**WORK TASK**
Every line of the listing below is to be duplicated exactly, with the pictures left out.

**SOURCE DATA**

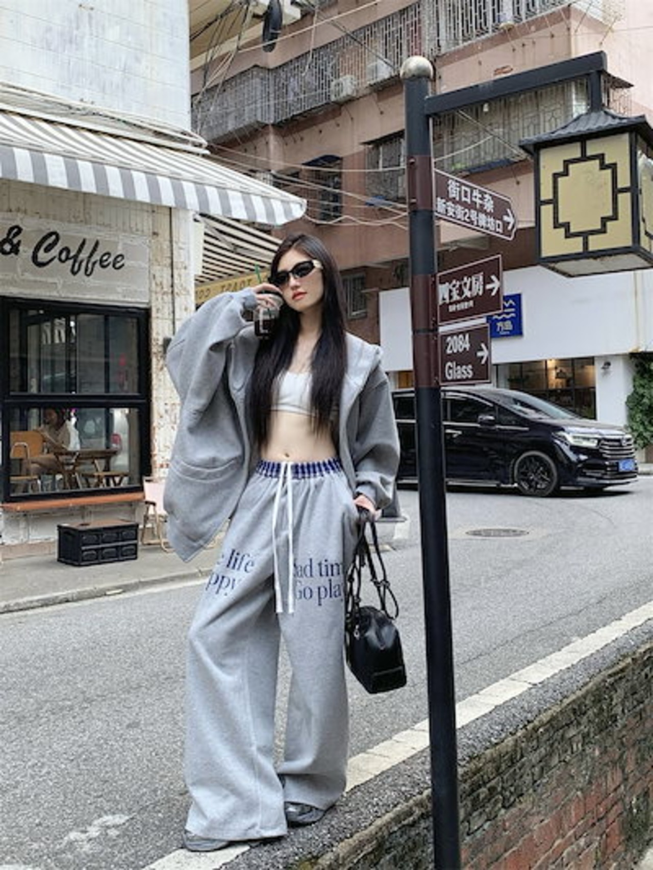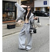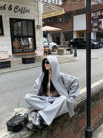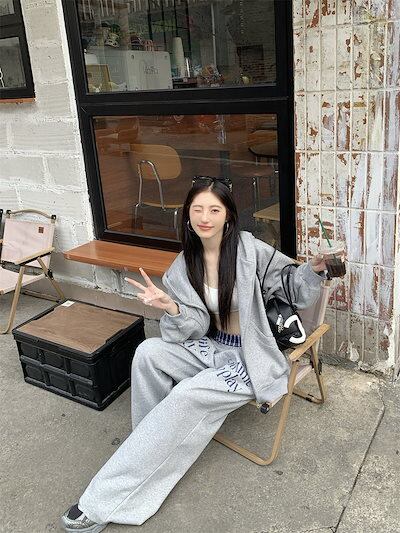 2024 春秋 2点セット トップス お出かけ 羽織り ショート丈 セットアップ フルラウンドヘム ルーズ サイド ボトムス ストレート系冬 ゆったり サイズワイドシルエット リラックストラック
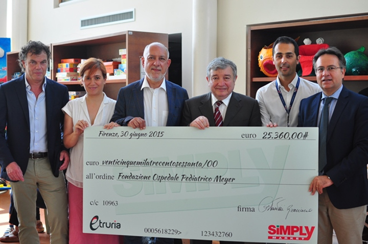 FIRENZE. . Simply Etruria, master franchisee di Simply® Italia, sostiene il progetto “Accoglienza bambini” della Fondazione dell’Ospedale Pediatrico Meyer di Firenze. Grazie alla generosità dei clienti Simply, che hanno deciso di destinare i punti della Collection 2014 per sostenere le attività del Meyer, la Cooperativa di Badesse ha consegnato oggi, martedì 30 giugno, oltre venticinque mila euro a favore dei progetti e delle attività dedicate ai piccoli ospiti dell’Ospedale Pediatrico di Firenze. Alla cerimonia di consegna dell’assegno hanno partecipato Graziano Costantini, direttore generale Cooperativa Etruria e Gianpaolo Donzelli, Presidente della Fondazione dell’Ospedale Pediatrico Meyer di Firenze.
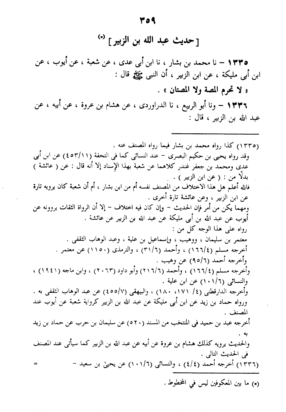1335 - نَا مُحَمَّدُ بْنُ بَشَّارٍ، نَا ابْنُ أَبِي عَدِيٍّ , عَنْ شُعْبَةَ، عَنْ أَيُّوبَ، عَنِ ابْنِ أَبِي مُلَيْكَةَ، عَنِ ابْنِ الزُّبَيْرِ أَنَّ النَّبِيَّ صَلَّى اللهُ عَلَيْهِ وَسَلَّمَ قَالَ: «§لَا تُحَرِّمُ الْمَصَّةُ، وَلَا الْمَصَّتَانِ»
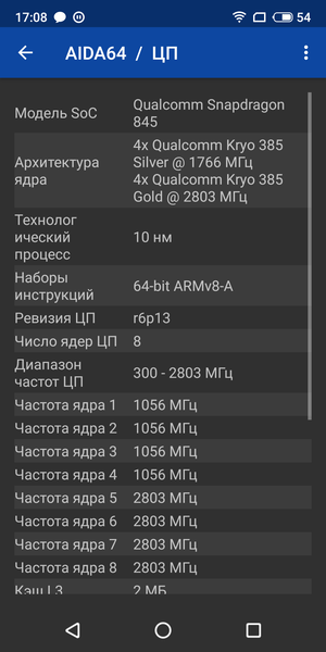 - SoC Qualcomm Snapdragon 845, 8 ядер (4 × Kryo 385 @2,8 ГГц + 4 × Kryo 385 @1,8 ГГц)
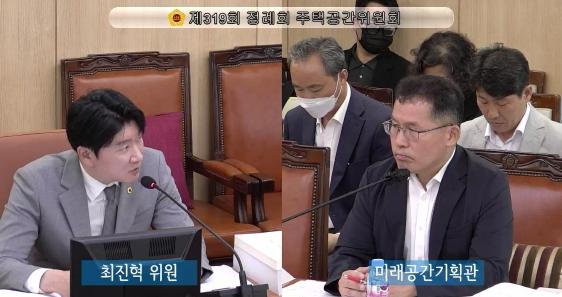 최진혁 의원은 먼저, 잠수교 보행화 추진은 “한강이 지향해야 할 미래 모습”이라며, 서울이 보행자와 자전거, 대중교통이 중심이 되는 친환경 미래 도시로 나아가야 한다는 데 있어 정책 취지에 동감한다고 했다.
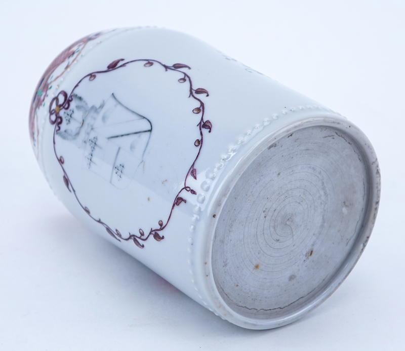 Early Chinese Export Pottery Tankard. Made for the European market, decorated with a handpainted with floral motif and a crest inside a cartouche, intertwining handle. Unsigned. Wear or in good condition. Measures 5-1/4" H. Shipping $48.00 (estimate $150-$250)
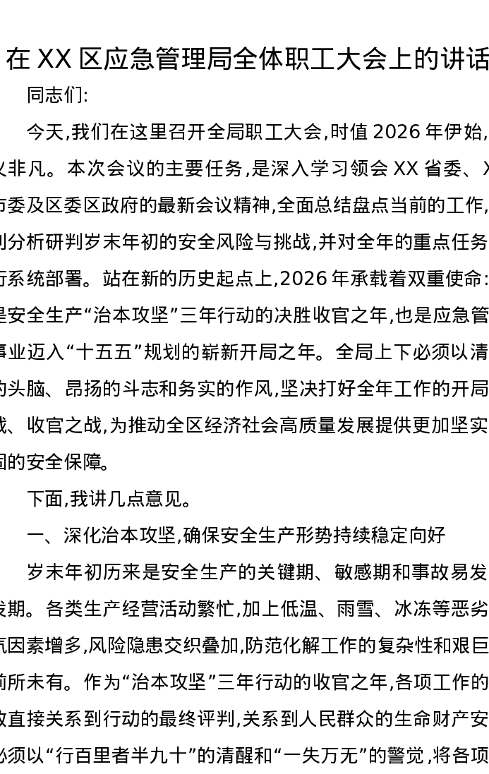 在XX区应急管理局全体职工大会上的讲话
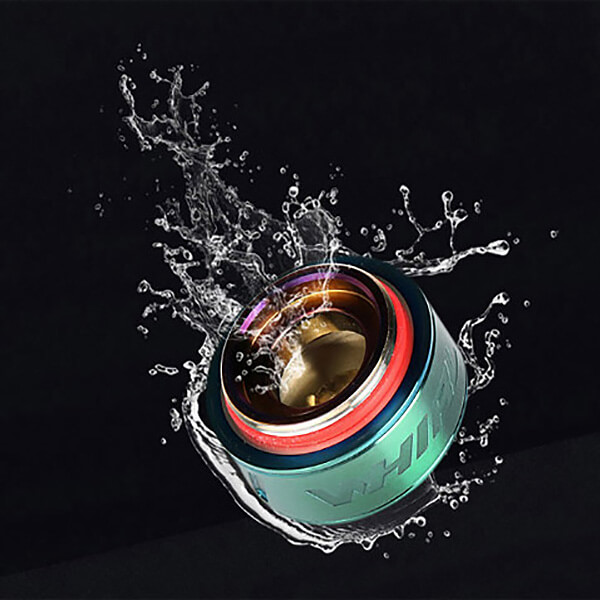 Der gradlinige Aufbau der Edelstahl Konstruktion wurde hochwertig verarbeitet und hat eine Gesamtlänge von 46.3mm und einen Durchmesser von 24.2mm. Der Umgang mit dem Whirl geht problemlos vonstatten.
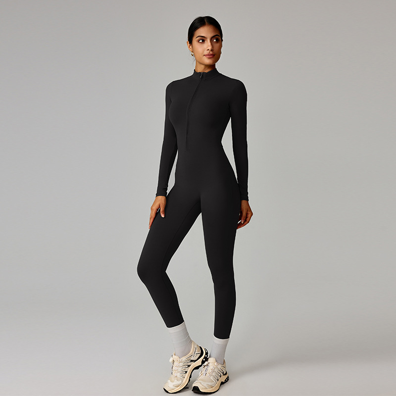 유럽과 미국의 지퍼 누드 긴팔 요가 점프 슈트 고강도 피트니스 러닝 스포츠 점프 슈트 8306
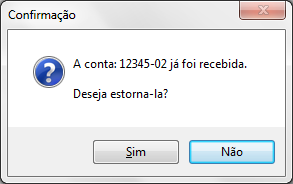 Para facilitar o lançamento do Estorno clique duas vezes sobre a conta já recebida, será solicitado se deseja Estornar a conta, não necessitando realizar o processo citado acima.
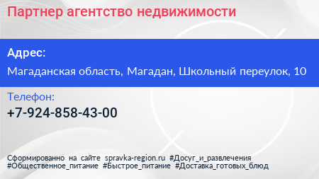 Партнер, агентство недвижимости по адресу Магаданская область, Магадан, Школьный переулок, 10 в дальнейшем Организация, размещена в следующих категориях:
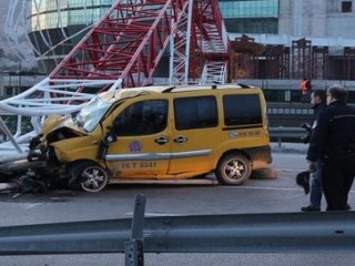 Devasa vincin düştüğü Nilüfer Deresi üzerindeki köprüde seyir halindeki Fatih Demirkıran (28) yönetiminde 16 T 5541 plakalı ticari taksi ezildi.
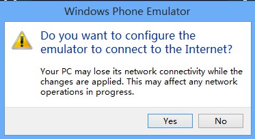 保存后,重新打開虛擬機。這次運行項目時,會提示“Do you want to configure the emulator to connect to the Internet?”,意思就是網絡連接丟失,我們選擇“Yes”,讓模擬器配置網絡連接。
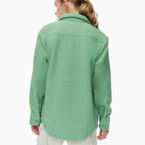 Introducing the TNA Polar Shirt Jacket, a cozy fleece button-up shirt jacket, in a stylish shade of green, and in Size Small. This versatile shacket (shirt + jacket) is perfect for adding a layer of warmth and style to your wardrobe.
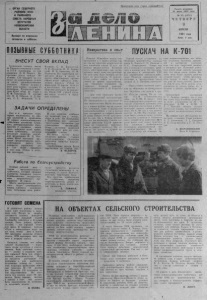 ♦ ОРГАН СЕВЕРНОГО Р А Й КОМ А КПСС И РАЙОННОГО СОВЕТА НАРОДНЫ Х Д ЕП У Т А ТО В НОВОСИБИРСКОЙ ОБЛАСТИ В ы х о д и т по в т о р н и к а м , четв е р га м и субботам. Пролетарии всех стран, соединяйтесь^ Газета основана 20 июля 1935 года № 43 (5171) Ч Е Т В Е Р Г 9 АПРЕЛЯ 1 9 8 1 года Цена 2 коп. ПОЗЫВНЫЕ СУББОТНИКА •Инициатива и опыт ПУСКАЧ НА К-701 ВНЕСУТ СВОЙ В К Л А Д Труженики- колхоза имени М. Горького готовятся к в с т р е че 111-й годовщины со дня рождения В. II. Ленина. На праздник труда выйдут 16!) человек . Сто тридцать из h i х б уд у т nei осредственно заняты на своих производственных уч ас т к ах . Только молока в э т о т день колхоз получит 15 центнеров. Руководи ть р а б о тами будет штаб во главе с П- Ф. Гимкиным. В составе его: Н В. О бухов , В. Д. Ив- кин, С. Е. Фомищов, С. В Яковлев, С. В. Коростелев, И. В. Агалаков, Н. И. Лещинский, Н. В. Архипова, Н М. П ермяков. На территории ма- шш ного двора, в школе и других общественных организациях люди з-аймутся н а в е дением порядка. ” Рядом со взрослыми 18 апреля вста iyi и школьники. Их участок — сбор макулатуры и металлолома. Ок о ло 600 рублей соста вит вклад ко л хо .а в гарод- ную копилку . З А Д А Ч И ОПРЕДЕЛЕНЫ Как и в прошлые годы, горячо откликнулись на призыв москвичей о проведении 18 апреля коммунистического субботника коллектив Северного автотранспортного предприятия. G половины марта здесь действует штаб проведения субботника, которым руководит секретарь партий - -ной организации М. Д. Пох. лебин. Штаб постоянно проводит организаторскую, р а з ъ яснительную работу. Уже конкретно определено кто и где будет трудиться в этот день. Учтено и ж е л а ние некоторых. В день «красной субботы* все водители, как и всегда, уйдут в рейс. Из Куйбышева и Барабинска они д оставят строительные материалы'- для строительных организаций. Более половины водителей совершат этот рейс на сэкономленном топливе. На своих местах будут трудиться рабочие станции техобслуживания. Остальные работники займутся благоустройством. З а р а б о т а н н ы е деньги б у д у т перечислены на особый счет В. ФЕДОРОВ, директор. Рэбста по благоустройству Полный рабочий день — такова продолжительность субботника, который проведет коллектив Северного участка Куйбышевского эксплуатационно - энергетического предприятия 18 апреля. Шесть электромонтеров уч а стка будут устанавливать лампы уличного освещения села. Остальные семь р а б о т ников займутся ремонтом служебного помещения и а в тогараж а , а такж е б лагоустройством территории базы. Все средства, заработанные на субботнике, коллектив энергопредприятня решил перечислить в фонд одиннадцатой пятилетки. Е. ГОФМАН, начальник участка. Мощные «Кировцы» нашли свое применение и в наших лесных кра ях. где ног простора казахстанских или алтайских степей. 1! тут им работы предостаточно. Большую часть зяби поднимают они- весновспашку ведут тоже эти тракторы. Но есть одна беда, которая застав ляет их простаивать- II подолгу. Стоит только выйти из строя по любой- из причин аккумулятору, как «Кировец» становится па «прикол». Главный инженер еельхозуправления А. II. Коротков объяснил: — Д л я этих тракторов необхо димы специальные аккумуляторы. Но промышленность выпускает их еще недостаточно. Вести подзаряд ку в нашем районе мы не можем: нет установок д а ж е в мастерской райсельхозтехники, а уж о колхоз !!ых мастерских и говорить нечего- В конц
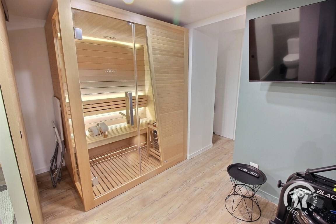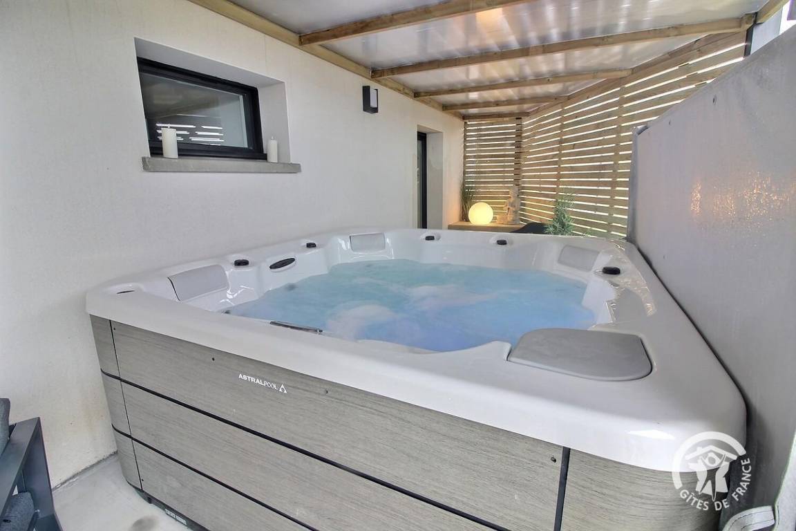 Genießen Sie einen privaten Whirlpool für 6 Personen auf der geschützten Terrasse sowie eine Sauna und einen Fitnessraum im Keller für Momente der Entspannung und des Wohlbefindens.

**EXPECTED OUTPUT**
 2024 春秋 2点セット トップス お出かけ 羽織り ショート丈 セットアップ フルラウンドヘム ルーズ サイド ボトムス ストレート系冬 ゆったり サイズワイドシルエット リラックストラック
 FIRENZE. . Simply Etruria, master franchisee di Simply® Italia, sostiene il progetto “Accoglienza bambini” della Fondazione dell’Ospedale Pediatrico Meyer di Firenze. Grazie alla generosità dei clienti Simply, che hanno deciso di destinare i punti della Collection 2014 per sostenere le attività del Meyer, la Cooperativa di Badesse ha consegnato oggi, martedì 30 giugno, oltre venticinque mila euro a favore dei progetti e delle attività dedicate ai piccoli ospiti dell’Ospedale Pediatrico di Firenze. Alla cerimonia di consegna dell’assegno hanno partecipato Graziano Costantini, direttore generale Cooperativa Etruria e Gianpaolo Donzelli, Presidente della Fondazione dell’Ospedale Pediatrico Meyer di Firenze.
1335 - نَا مُحَمَّدُ بْنُ بَشَّارٍ، نَا ابْنُ أَبِي عَدِيٍّ , عَنْ شُعْبَةَ، عَنْ أَيُّوبَ، عَنِ ابْنِ أَبِي مُلَيْكَةَ، عَنِ ابْنِ الزُّبَيْرِ أَنَّ النَّبِيَّ صَلَّى اللهُ عَلَيْهِ وَسَلَّمَ قَالَ: «§لَا تُحَرِّمُ الْمَصَّةُ، وَلَا الْمَصَّتَانِ»
 - SoC Qualcomm Snapdragon 845, 8 ядер (4 × Kryo 385 @2,8 ГГц + 4 × Kryo 385 @1,8 ГГц)
 최진혁 의원은 먼저, 잠수교 보행화 추진은 “한강이 지향해야 할 미래 모습”이라며, 서울이 보행자와 자전거, 대중교통이 중심이 되는 친환경 미래 도시로 나아가야 한다는 데 있어 정책 취지에 동감한다고 했다.
 Early Chinese Export Pottery Tankard. Made for the European market, decorated with a handpainted with floral motif and a crest inside a cartouche, intertwining handle. Unsigned. Wear or in good condition. Measures 5-1/4" H. Shipping $48.00 (estimate $150-$250)
 在XX区应急管理局全体职工大会上的讲话
 Der gradlinige Aufbau der Edelstahl Konstruktion wurde hochwertig verarbeitet und hat eine Gesamtlänge von 46.3mm und einen Durchmesser von 24.2mm. Der Umgang mit dem Whirl geht problemlos vonstatten.
 유럽과 미국의 지퍼 누드 긴팔 요가 점프 슈트 고강도 피트니스 러닝 스포츠 점프 슈트 8306
 Para facilitar o lançamento do Estorno clique duas vezes sobre a conta já recebida, será solicitado se deseja Estornar a conta, não necessitando realizar o processo citado acima.
 Партнер, агентство недвижимости по адресу Магаданская область, Магадан, Школьный переулок, 10 в дальнейшем Организация, размещена в следующих категориях:
 Devasa vincin düştüğü Nilüfer Deresi üzerindeki köprüde seyir halindeki Fatih Demirkıran (28) yönetiminde 16 T 5541 plakalı ticari taksi ezildi.
 保存后,重新打開虛擬機。這次運行項目時,會提示“Do you want to configure the emulator to connect to the Internet?”,意思就是網絡連接丟失,我們選擇“Yes”,讓模擬器配置網絡連接。
 Introducing the TNA Polar Shirt Jacket, a cozy fleece button-up shirt jacket, in a stylish shade of green, and in Size Small. This versatile shacket (shirt + jacket) is perfect for adding a layer of warmth and style to your wardrobe.
 ♦ ОРГАН СЕВЕРНОГО Р А Й КОМ А КПСС И РАЙОННОГО СОВЕТА НАРОДНЫ Х Д ЕП У Т А ТО В НОВОСИБИРСКОЙ ОБЛАСТИ В ы х о д и т по в т о р н и к а м , четв е р га м и субботам. Пролетарии всех стран, соединяйтесь^ Газета основана 20 июля 1935 года № 43 (5171) Ч Е Т В Е Р Г 9 АПРЕЛЯ 1 9 8 1 года Цена 2 коп. ПОЗЫВНЫЕ СУББОТНИКА •Инициатива и опыт ПУСКАЧ НА К-701 ВНЕСУТ СВОЙ В К Л А Д Труженики- колхоза имени М. Горького готовятся к в с т р е че 111-й годовщины со дня рождения В. II. Ленина. На праздник труда выйдут 16!) человек . Сто тридцать из h i х б уд у т nei осредственно заняты на своих производственных уч ас т к ах . Только молока в э т о т день колхоз получит 15 центнеров. Руководи ть р а б о тами будет штаб во главе с П- Ф. Гимкиным. В составе его: Н В. О бухов , В. Д. Ив- кин, С. Е. Фомищов, С. В Яковлев, С. В. Коростелев, И. В. Агалаков, Н. И. Лещинский, Н. В. Архипова, Н М. П ермяков. На территории ма- шш ного двора, в школе и других общественных организациях люди з-аймутся н а в е дением порядка. ” Рядом со взрослыми 18 апреля вста iyi и школьники. Их участок — сбор макулатуры и металлолома. Ок о ло 600 рублей соста вит вклад ко л хо .а в гарод- ную копилку . З А Д А Ч И ОПРЕДЕЛЕНЫ Как и в прошлые годы, горячо откликнулись на призыв москвичей о проведении 18 апреля коммунистического субботника коллектив Северного автотранспортного предприятия. G половины марта здесь действует штаб проведения субботника, которым руководит секретарь партий - -ной организации М. Д. Пох. лебин. Штаб постоянно проводит организаторскую, р а з ъ яснительную работу. Уже конкретно определено кто и где будет трудиться в этот день. Учтено и ж е л а ние некоторых. В день «красной субботы* все водители, как и всегда, уйдут в рейс. Из Куйбышева и Барабинска они д оставят строительные материалы'- для строительных организаций. Более половины водителей совершат этот рейс на сэкономленном топливе. На своих местах будут трудиться рабочие станции техобслуживания. Остальные работники займутся благоустройством. З а р а б о т а н н ы е деньги б у д у т перечислены на особый счет В. ФЕДОРОВ, директор. Рэбста по благоустройству Полный рабочий день — такова продолжительность субботника, который проведет коллектив Северного участка Куйбышевского эксплуатационно - энергетического предприятия 18 апреля. Шесть электромонтеров уч а стка будут устанавливать лампы уличного освещения села. Остальные семь р а б о т ников займутся ремонтом служебного помещения и а в тогараж а , а такж е б лагоустройством территории базы. Все средства, заработанные на субботнике, коллектив энергопредприятня решил перечислить в фонд одиннадцатой пятилетки. Е. ГОФМАН, начальник участка. Мощные «Кировцы» нашли свое применение и в наших лесных кра ях. где ног простора казахстанских или алтайских степей. 1! тут им работы предостаточно. Большую часть зяби поднимают они- весновспашку ведут тоже эти тракторы. Но есть одна беда, которая застав ляет их простаивать- II подолгу. Стоит только выйти из строя по любой- из причин аккумулятору, как «Кировец» становится па «прикол». Главный инженер еельхозуправления А. II. Коротков объяснил: — Д л я этих тракторов необхо димы специальные аккумуляторы. Но промышленность выпускает их еще недостаточно. Вести подзаряд ку в нашем районе мы не можем: нет установок д а ж е в мастерской райсельхозтехники, а уж о колхоз !!ых мастерских и говорить нечего- В конц
 Genießen Sie einen privaten Whirlpool für 6 Personen auf der geschützten Terrasse sowie eine Sauna und einen Fitnessraum im Keller für Momente der Entspannung und des Wohlbefindens.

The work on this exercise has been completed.